DATA EXCERPT:
____________
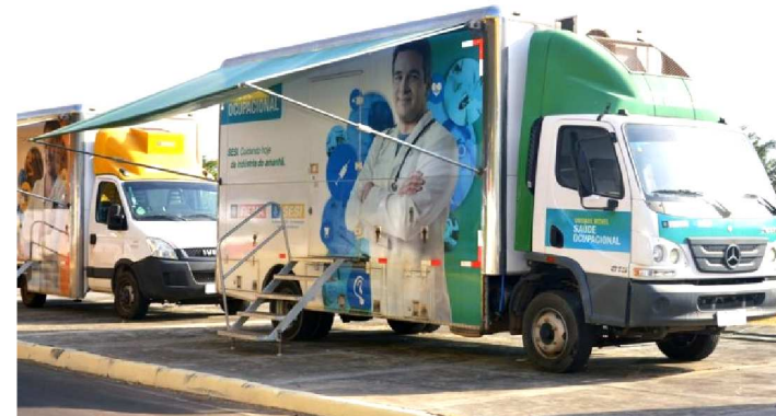
PARA USO NA VACINAÇÃO H1N1 E AÇÕES CONTRA O COVID-19
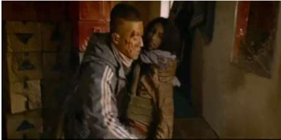
圖 5.31 他國人受傷，中國軍人協助處理。
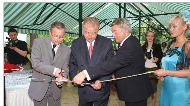
A megújult Park Hotel avatásán
____________
EXERCISE AIM: The answer must be the whole listing, word for word, with no pictures in it. Please write it out.

RESPONSE TO THE TASK:
PARA USO NA VACINAÇÃO H1N1 E AÇÕES CONTRA O COVID-19
圖 5.31 他國人受傷，中國軍人協助處理。
A megújult Park Hotel avatásán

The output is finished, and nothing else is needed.